ACTIVITY: Leaving out all pictures, transcribe exactly the lines between the line with "在日本疫情防控的关键期,黑龙" and the last line of the records below, both included.

EXTRACTED ENTRIES:

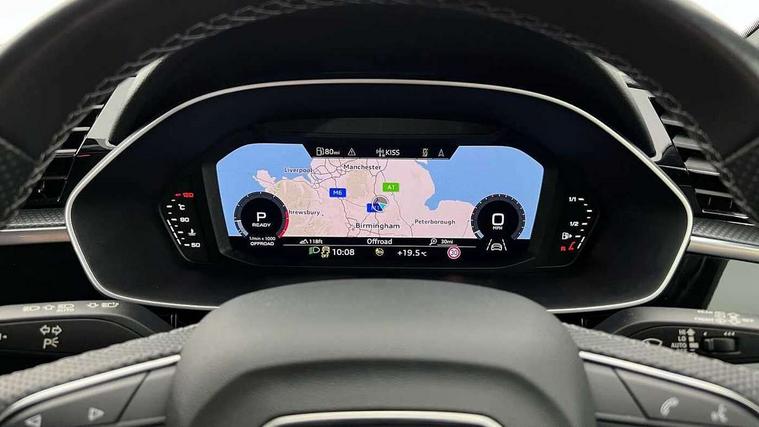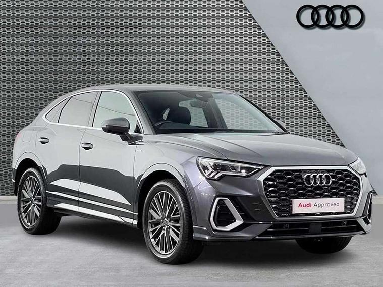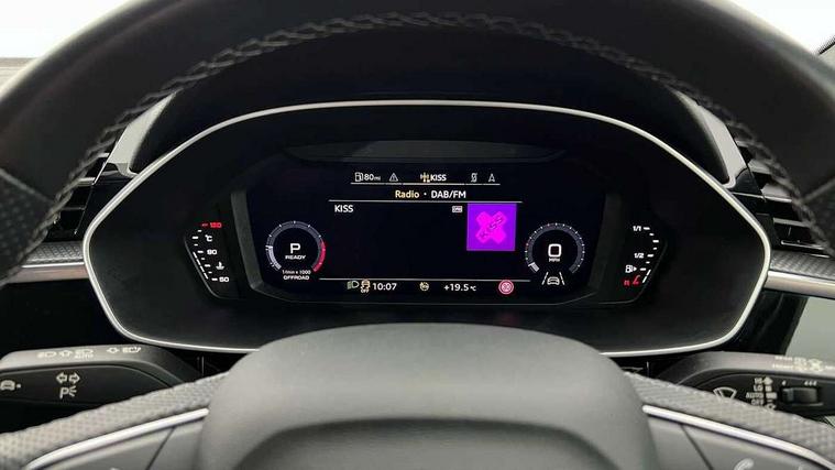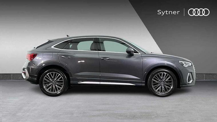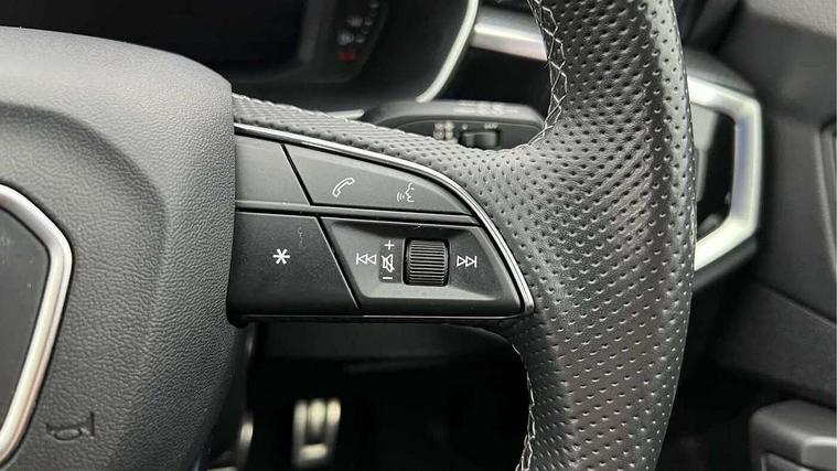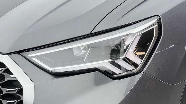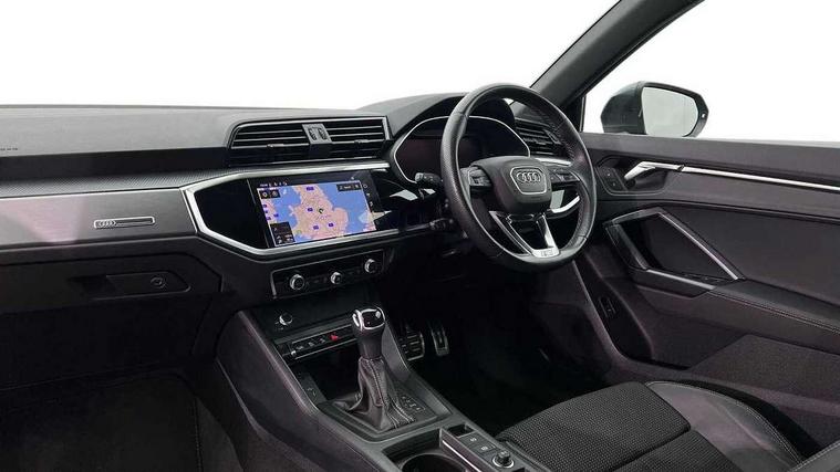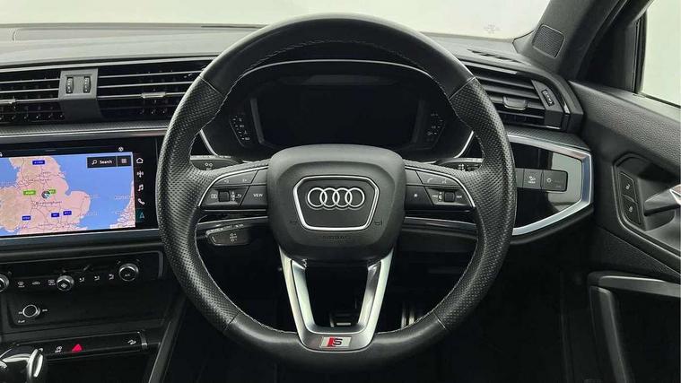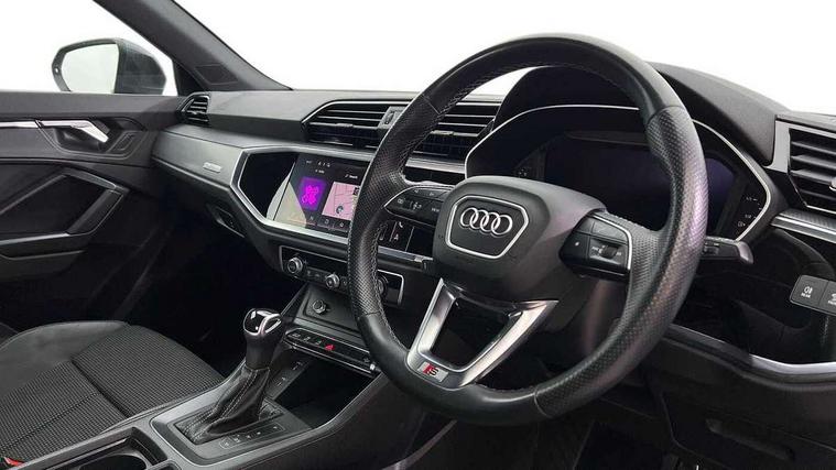 Audi drive select, Audi lane departure warning, Audi Virtual Cockpit - 10.25" display, Bluetooth interface, Camera based traffic sign recognition, Legal emergency call, MMI Navigation Plus with high resolution 10.1 inch touchscreen colour display, Power operated tailgate, Progressive steering, Service interval indicator, Smartphone interface includes wireless Apple carplay/Android Auto, Start stop system with recuperation, Voice control system with natural language interaction, Sports suspension, 2 USB-C ports with charge and data functions, 6 passive loudspeakers, DAB digital radio module, Acoustic windscreen, Aluminium window trim, Auto dimming frameless rear view mirror, Diffuser grille in grained matt black, Diffuser trim in selenite silver, Electrically folding, adjustable and heated door mirrors with integrated LED side indicators and kerb view function for passenger side, Front and rear electric windows, Front fog lights, Front side air inlets in selenite silver, Front underbody protection in manhattan grey paint finish, Grille surround in aluminium silver matt, High gloss black finish B and C pillars, LED Dynamic rear indicators, LED headlights with LED daytime running lights, LED rear lights, LED third brake light, Privacy glass dark tinted rear and rear-side windows (from B-pillar backwards), Radiator grille in anthracite black with inlay in matt aluminium silver, Rain and light sensors, Rear side wing doors, Rear underbody protection in matt black, Rear wiper, S line badges on front wings, S line front and rear bumpers and side skirts in contrasting Manhattan grey paint finish, Side skirt insert in matt Platinium grey, Variable front intermittent wipers, 12V socket in rear centre console, 3 seat bench in 2nd row, 3 spoke leather multifunction steering wheel features S badging and grips in perforated leather with contrast stitching, 40:20:40 folding with manual adjustment for 60:40 forwards/backwards position and backrest angle, Adjustable rear seat bench/backrest with centre armrest and cupholder, Black cloth headlining, Dual zone electronic climate control, Front and rear black floor mats with contrast stitching, Front and rear headrests, Front and rear roof module including reading lights, Front centre armrest, Glove compartment lighting, Height and reach adjustable steering wheel, Illuminated door sill trims with S logo, ISOFIX child seat mounting for front passenger with airbag deactivation and outer rear seat including top tether attachment point for outer rear seats, Luggage compartment light right in white, Luggage compartment sill protection in stainless steel, Manual front seats with height adjustment, Perforated leather gearknob, Single front passenger seat, Stainless steel pedals, Ambient lighting pack - Q3, Non smoking pack - Q3, 3x3 point rear seatbelts, 6 airbags - Driver, front passenger, curtain and side windows, Audi pre-sense front with pedestrain and cyclist recognition, Electrically operated child locks on rear doors, Electromechanical parking brake, Electronic stabilisation control including ABS, ASR and EDL, Front seatbelt reminder, Hill descent control, Hill hold assist, Pre sense basic, Seatbelt monitoring, Tyre pressure warning, Warning triangle and first aid kit, Anti theft alarm, Anti theft wheel bolts, Immobiliser, Remote central locking, Aluminium look interior elements, Black dashboard, Dark matt brushed aluminium inlay, Detail dashboard around MMI touch colour display in glass look, black with surround in aluminium look, Leatherette door armrest,
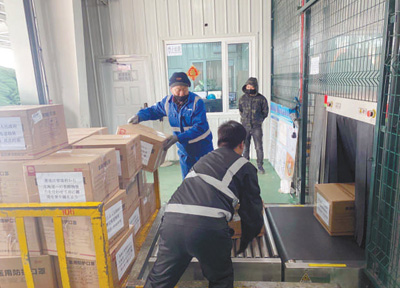 在日本疫情防控的关键期,黑龙江省向缔结友好关系的日本北海道捐赠一批医用口罩。图为工作人员正在装运口罩,准备运往日本。中国驻日本大使馆供图
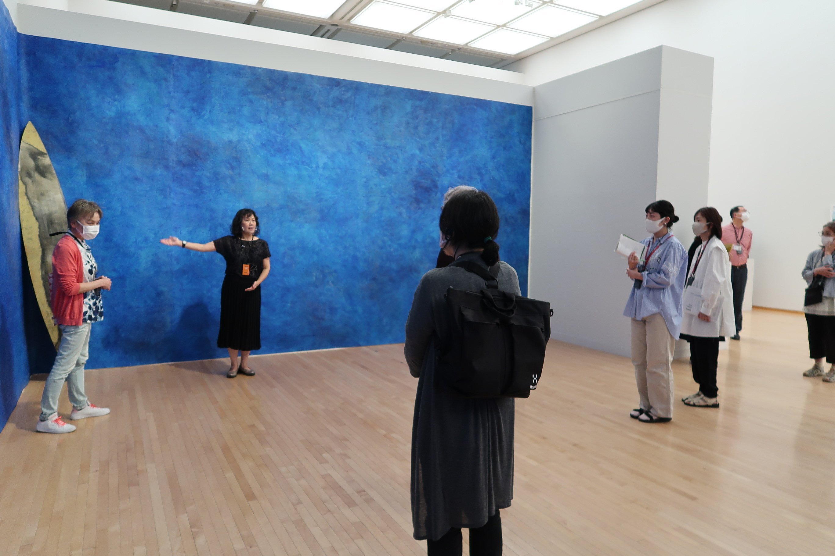 研修室でお話を伺った後は、実際にギャラリートークを行うコレクション展示室に移動して、実際のトークを想定した立ち位置などを確認していきました。
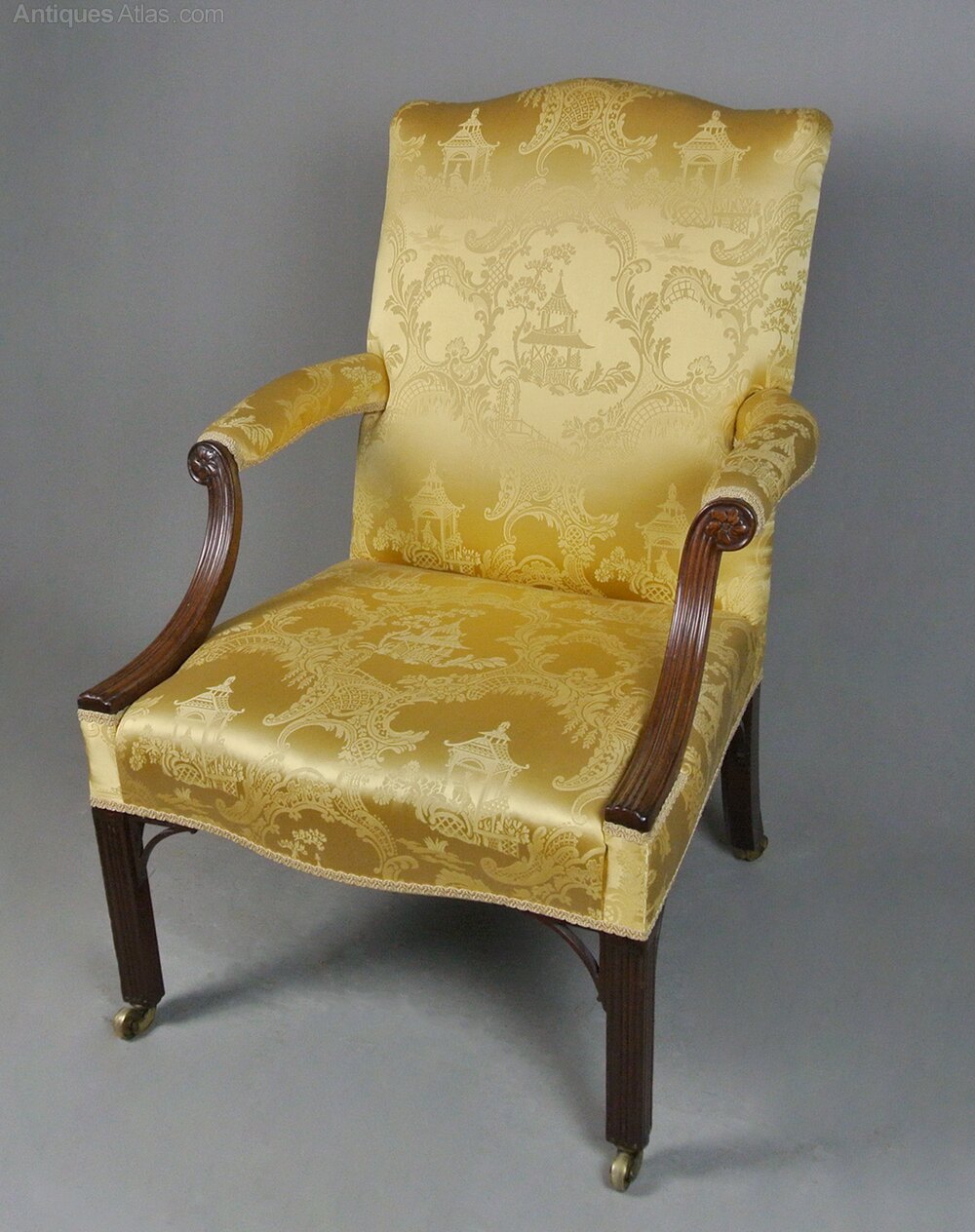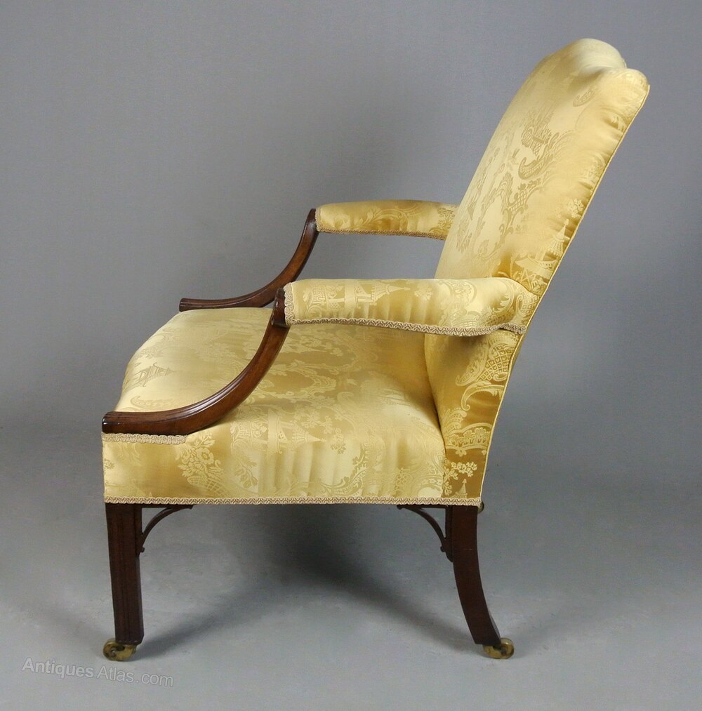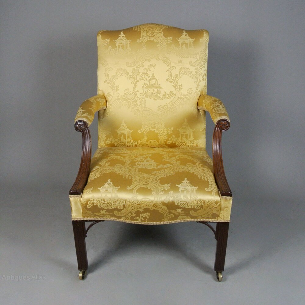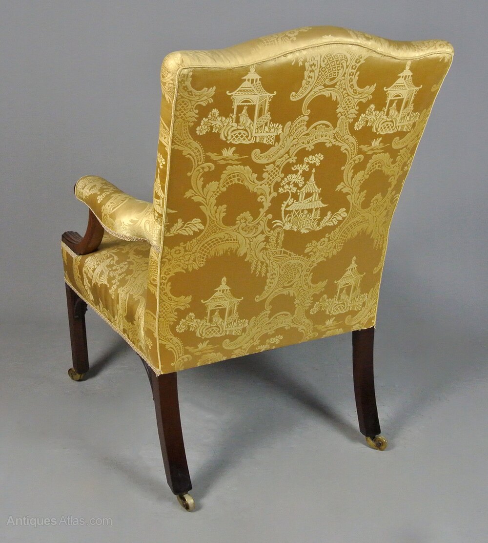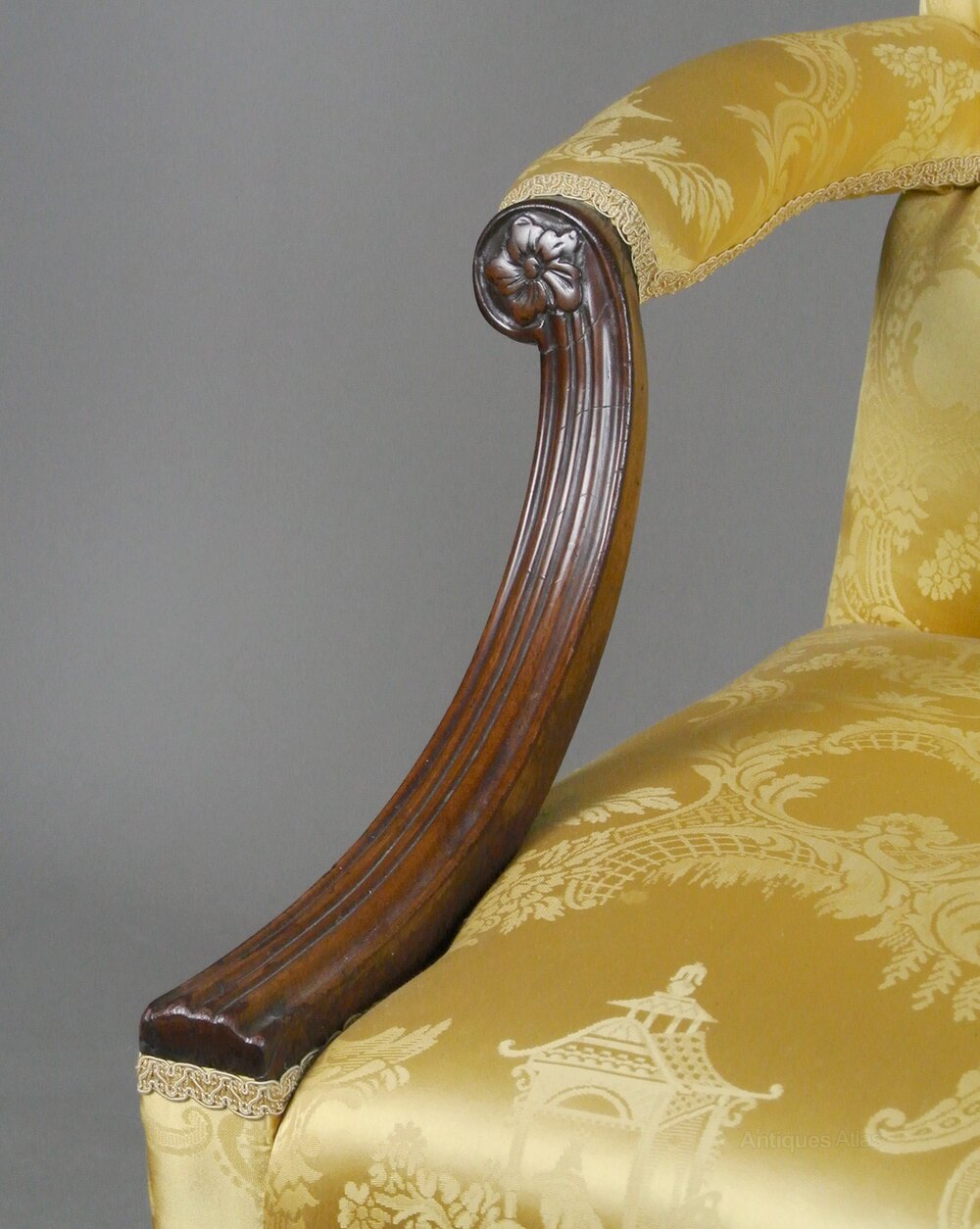 Recently upholstered in a Chinoiserie old gold coloured pure silk called ‘Cathay’ which is made by the Gainsborough Silk Company. This particular silk fabric retails at over £200 per meter.
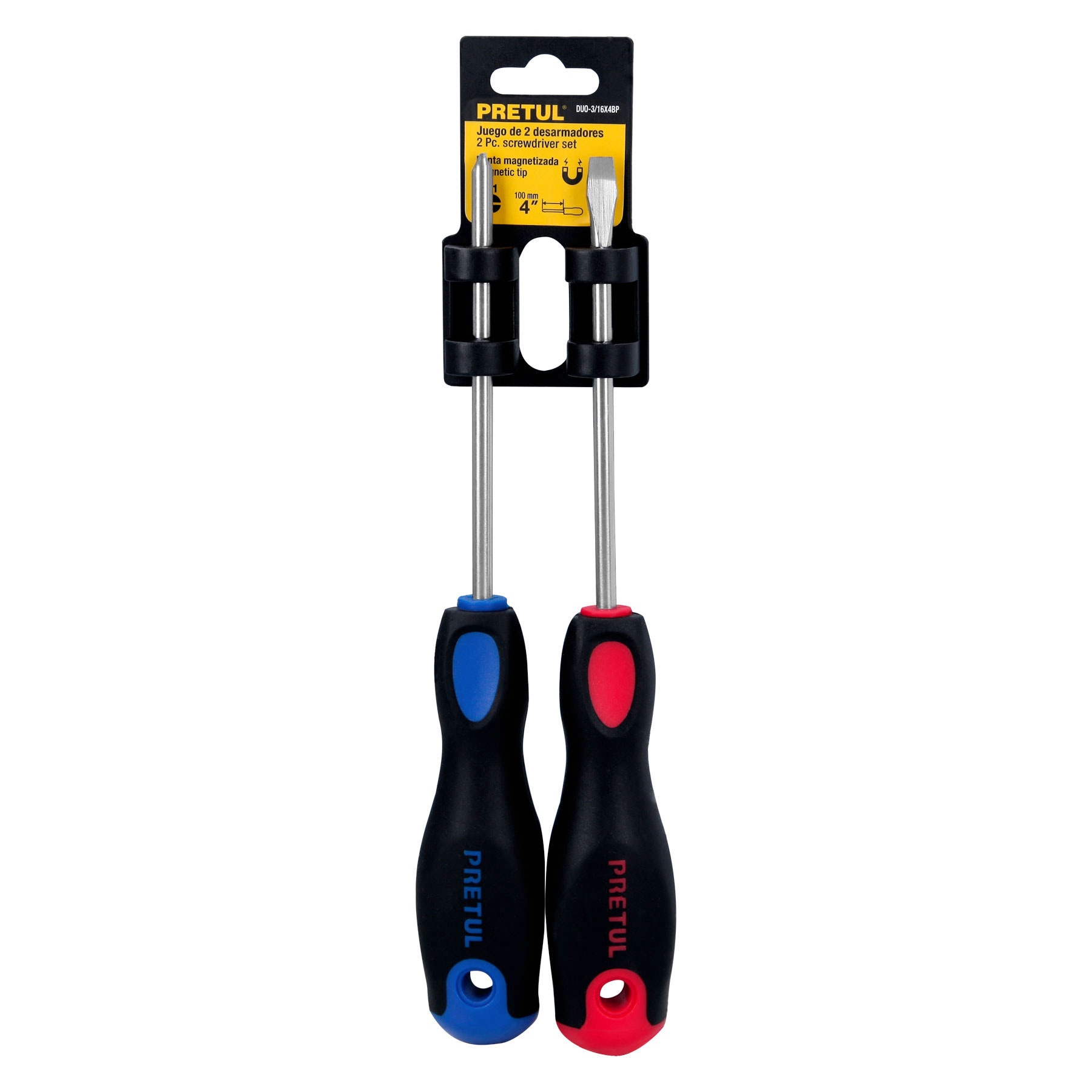 Dúo de desarmadores 3/16′ x 4′ mango Comfort Grip, Pretul

WRITTEN SOLUTION:
 在日本疫情防控的关键期,黑龙江省向缔结友好关系的日本北海道捐赠一批医用口罩。图为工作人员正在装运口罩,准备运往日本。中国驻日本大使馆供图
 研修室でお話を伺った後は、実際にギャラリートークを行うコレクション展示室に移動して、実際のトークを想定した立ち位置などを確認していきました。
 Recently upholstered in a Chinoiserie old gold coloured pure silk called ‘Cathay’ which is made by the Gainsborough Silk Company. This particular silk fabric retails at over £200 per meter.
 Dúo de desarmadores 3/16′ x 4′ mango Comfort Grip, Pretul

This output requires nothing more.